Welcome to the HSE Biocides eBulletin

This e-bulletin is from HSE's biocides team


Stay up-to-date with upcoming biocides deadlines

 

Vials and molecular structure  

EU Biocides Regulation 528/2012 - Vertebrate data in support of applications for active substance approval and product authorisation

HSE's biocides website has been updated to reflect the position of the UK Comptetent Authority (CA) for biocides on the acceptability or not of vertebrate data to support applications under EU 528/2012, as outlined in articles 62/63 of BPR. For more information, see: HSE biocides website: Vertebrate testing in support of applications for active substance approval or product authorisation under the Biocidal Products Regulation (528/2012)

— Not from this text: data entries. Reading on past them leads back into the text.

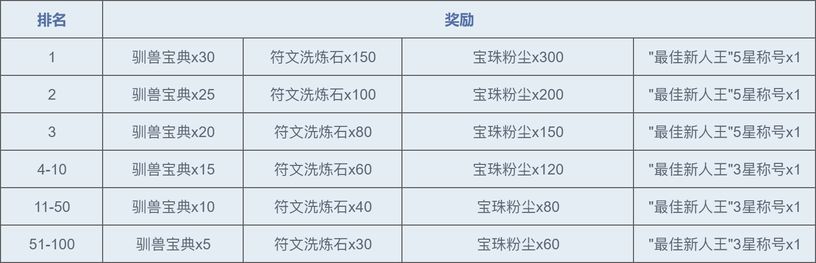2、活动时间内按照玩家等级进行排名,活动结束后等级排名前100名可获得驯兽宝典、符文洗炼石、宝珠粉尘、称号等奖励。
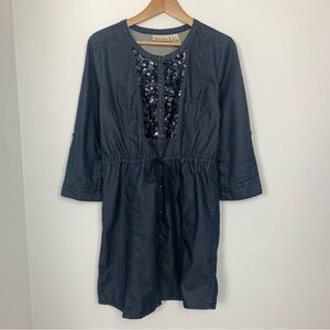 Soft chambray-style denim dress with a stunning sequined front panel and drawstring waist. Easy, throw-on style with a touch of glam! Relaxed fit with 3/4 length roll tab sleeves.
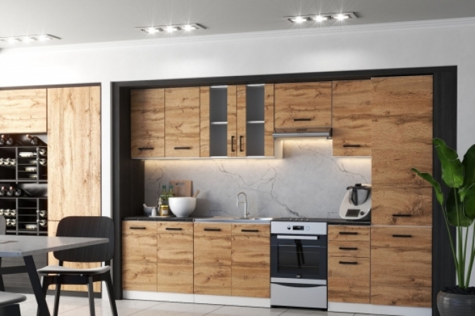 - Modularność: Zestaw meblowy jest elastyczny i modułowy, co umożliwia dostosowanie go do indywidualnych potrzeb i wymiarów kuchni, zapewniając optymalne wykorzystanie dostępnej przestrzeni.
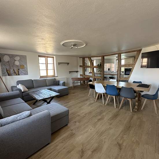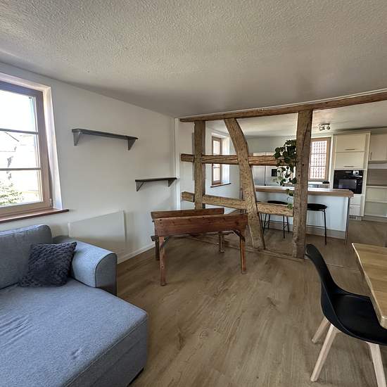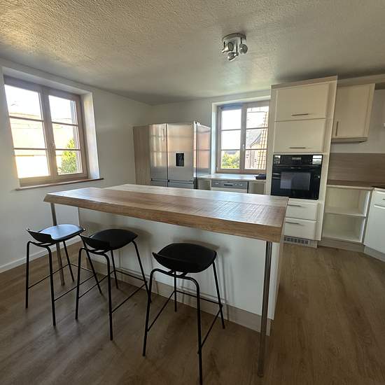 Appartement 4 pièces meublé situé à Illhaeusern, Rue du 25 Janvier, au 1er étage sans ascenseur, d'une surface habitable de 112,50m2, comprenant une entrée/dégagement, un salon/salle à manger ouverte sur une cuisine équipée, trois chambres, une salle de bain aménagée avec douche, baignoire et WC, chauffage individuel électrique et un garage. Libre à partir du 16 janvier 2026. Loyer 980,oo EUR. Pas d'avances sur charges, les locataires gèrent leurs abonnements en direct auprès des fournisseurs.
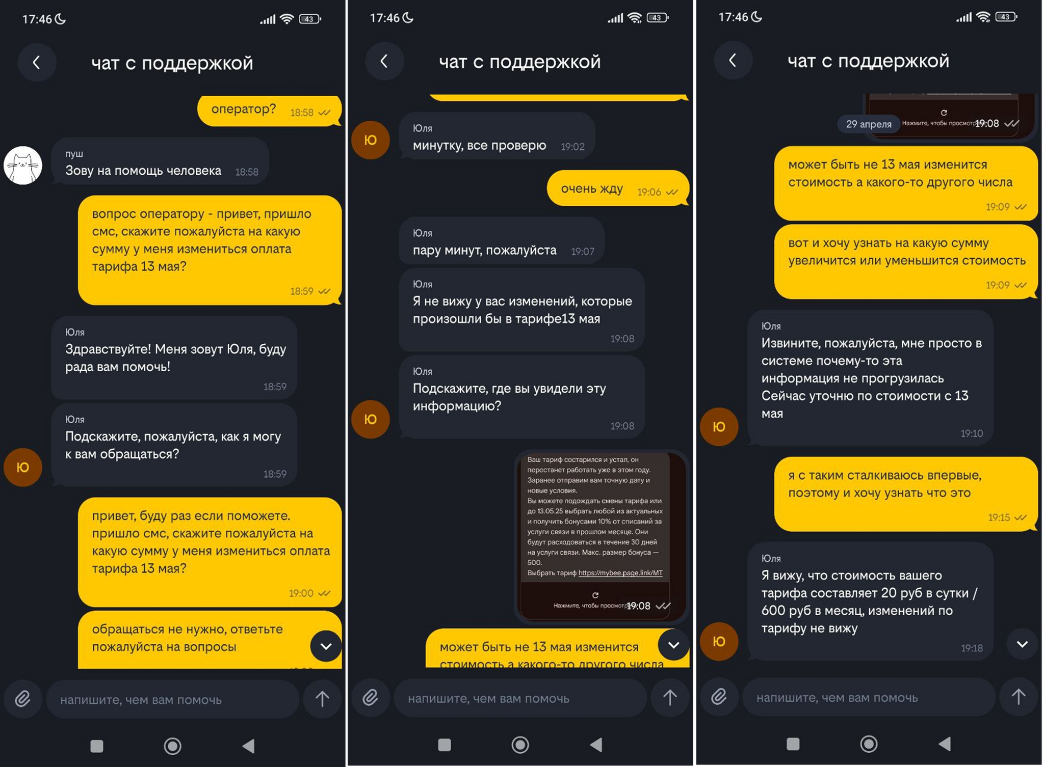 Оператор вводит тебя в заблуждение: сначала сообщает, что изменение ошибочное, а потом всё-таки меняет тариф.
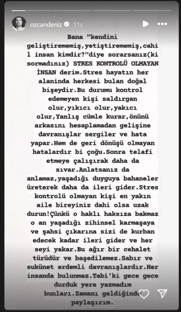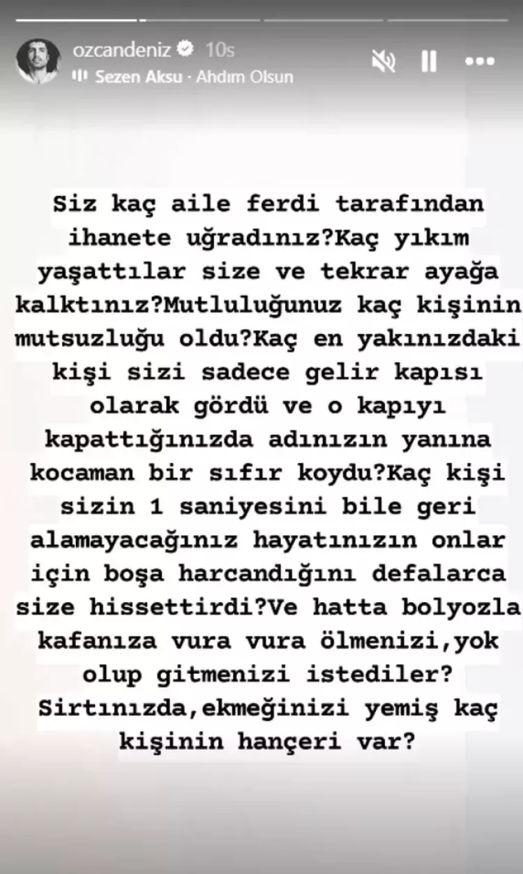 Özcan Deniz ise dün gece yarısı Alaçatı sahnesinin ardından yılların birikimiyle peş peşe duygusal paylaşımlar yaptı ve Sezen Aksu’nun Ahdım Olsun şarkısı eşiliğinde ailesiyle bağlarını kopardığını, artık tek ailesinin oğlu Kuzey ve eşi Samar Dadgar olduğunu ifade etti.
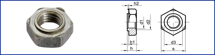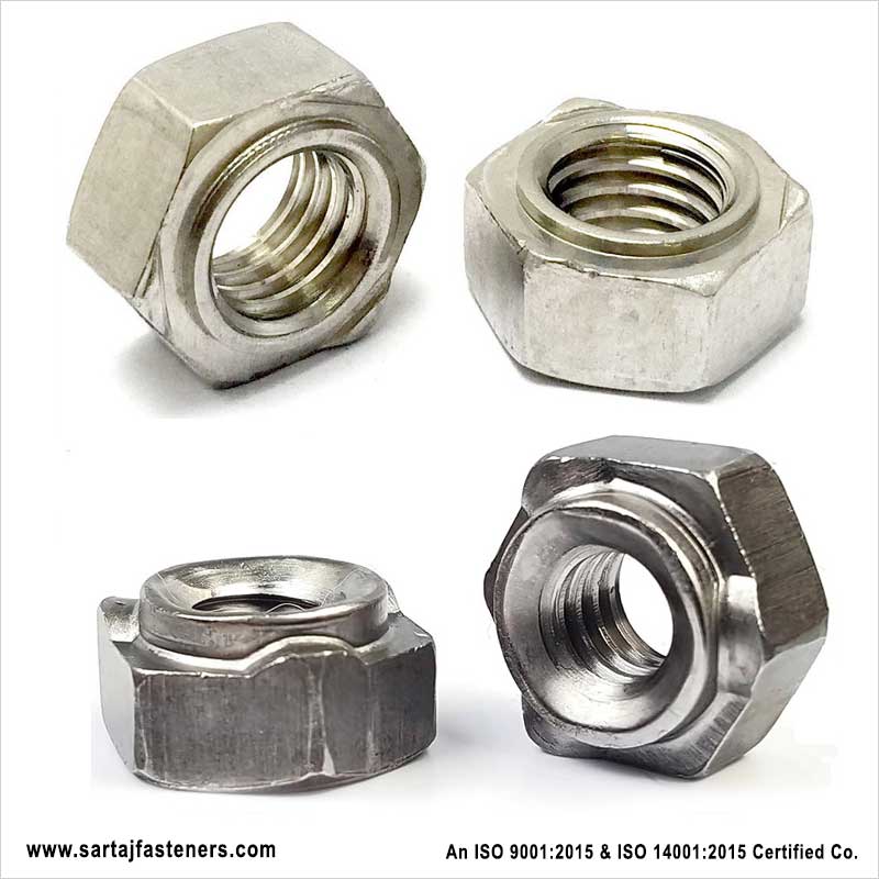 Hex weld nuts from Sartaj Fasteners are used to weld the nut onto a host material. They come with small three leg projections which are used to weld the nut into the material. The projections also help if the host surface is uneven, but the nut has to be fixed flat on the surface. These nuts come with a pilot hole which allows for precision threading while being placed in the accurate location on the surface. Since these nuts are secured in location by welding them into place, it is important to mark and establish its location beforehand.
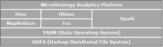 The diagram below shows the layers through which the data travels to reach Strategy from Hadoop systems.
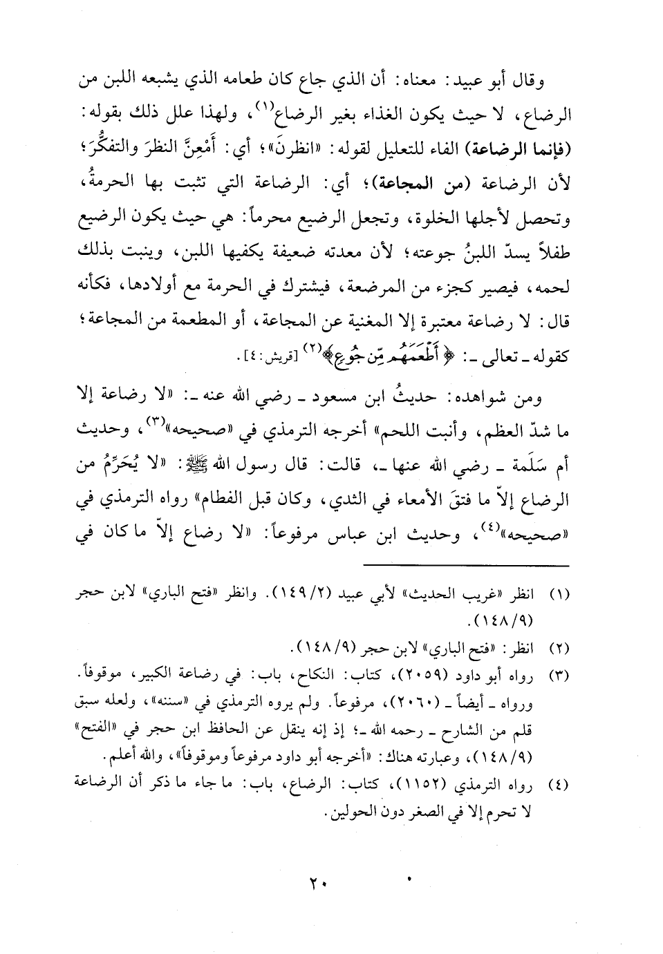 وقال أبو عبيد: معناه: أن الذي جاع كان طعامه الذي يشبعه اللبن من الرضاع، لا حيث يكون الغذاء بغير الرضاع (١)، ولهذا علل ذلك بقوله: (فإنما الرضاعة) الفاء للتعليل لقوله: "انظرنَ"؛ أي: أَمْعِنَّ النظرَ والتفكُّرَ؛ لأن الرضاعة (من المجاعة)؛ أي: الرضاعة التي تثبت بها الحرمةُ، وتحصل لأجلها الخلوة، وتجعل الرضيع محرمًا: هي حيث يكون الرضيع طفلًا يسدّ اللبنُ جوعته؛ لأن معدته ضعيفة يكفيها اللبن، وينبت بذلك لحمه، فيصير كجزء من المرضعة، فيشترك في الحرمة مع أولادها، فكأنه قال: لا رضاعة معتبرة إلا المغنية عن المجاعة، أو المطعمة من المجاعة، كقوله -تعالى-: {أَطْعَمَهُمْ مِنْ جُوعٍ} (٢) [قريش: ٤].
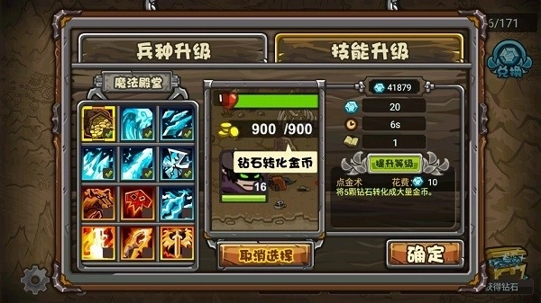 3、关卡中的技能使用需要用到钻石,不是土豪的话慎用,还不如留着升级培养士兵和英雄划算。
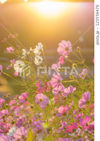夕日とコスモス(大分県大分市)

Pesticides:  Please note this position applies only to biocides. For information on vertebrate studies to support an application under Regulation (EC) No. 1107/2009, please consult the HSE pesticides website: Vertebrate Testing.


New proposals and intentions to harmonise classification and labelling of biocidal active substances

Proposals have been submitted to ECHA for:

  • Esbiothrin; (RS)-3-allyl-2-methyl-4-oxocyclopent-2-en-1-yl (1R,3R)-2,2-dimethyl-3-(2-methylprop-1-en-1-yl)cyclopropanecarboxylate (CAS 260359-57-7),
  • d-Allethrin; (RS)-3-allyl-2-methyl-4-oxo-cyclopent-2-enyl-(1R,3RS)-2,2-dimethyl-3-(2-methylprop-1-enyl)-cyclopropanecarboxylate (CAS 231937-89-6).

Submitted CLH proposals on ECHA website

Interested parties can now prepare for the upcoming commenting/consultation period which ECHA will initiate.


Food & Feed Active Substances – 24 February 2017 deadline for notification for inclusion in the EU Biocidal Products Regulation (EU BPR) review programme - reminder

Background

Where a biocidal product based on food or feed active substances had originally benefitted from a derogation under the Biocidal Products Directive 98/8/EC (BPD) review programme, industry had to make a declaration of an 'Interest to Notify' the active substances for inclusion in the EU Biocidal Products Regulation review programme.

Those declarations had to be made to the European Chemicals Agency (ECHA) by 30 October 2015.

Based on the valid declarations received by the deadline, ECHA published a list of the 20 substances that are eligible to be notified for inclusion in the review programme as Product Type 19 attractants or repellents. If the food or feed active substance is not listed, the product should have been removed from the UK market by 30 October 2016, and the use of existing stocks of the product in the UK can continue until 30 April 2017. Products that previously held derogations in the UK that are affected by these phase-out periods are listed on our database. 

What action does Industry need to take now?

Industry has to officially notify the eligible active substances (in accordance with Article 17 of the EU BPR Review Regulation (1062/2014)) to ECHA by 24 February 2017.

Notification should be submitted via the biocides submission tool, R4BP. The application must be in IUCLID format and must contain the information outlined in Annex I to the EU BPR Review Regulation (1062/2014)).

Further guidance on the information requirements for food and feed active substances can be found on ECHA's website. 

Valid notification received

If a valid notification is received by the 24 February 2017 deadline, the European Commission will have the final decision on whether to include a substance in the Review Programme. If accepted, the notifier(s) has two years to submit their active substance dossier.

Existing food and feed products can continue to be made available on the UK market if a valid notification is received by the 24 February 2017 for active substance(s) in their products. It can also continue to be made available on the UK market if the active substance dossier is submitted.

If no valid active substance dossier is received, or received but rejected, the existing food and feed products containing those substances will have to be removed from the UK market within the deadlines set by the EU Commission, normally 12 months for making the biocidal product available on the market and 18 months for use of the biocidal product.

No valid notification is received or received but rejected

If no valid notification is received or received but rejected by the 24 February 2017 deadline, the existing food and feed products containing those substances will have to be removed from the UK market within the deadlines set by the EU Commission, normally 12 months for making the biocidal product available on the market and 18 months for use of the biocidal product. These phase out periods will start from the date ECHA publishes its the list of these substances, in accordance with Article 19 of the EU BPR Review Regulation (1062/2014)).


Boron-based Wood Preservatives – request for information on current use and the potential impact of changing to alternatives

HSE is currently assessing whether a number of wood preservative (PT8) products based on boron can be authorised for use in the UK under the EU Biocidal Products Regulation (BPR).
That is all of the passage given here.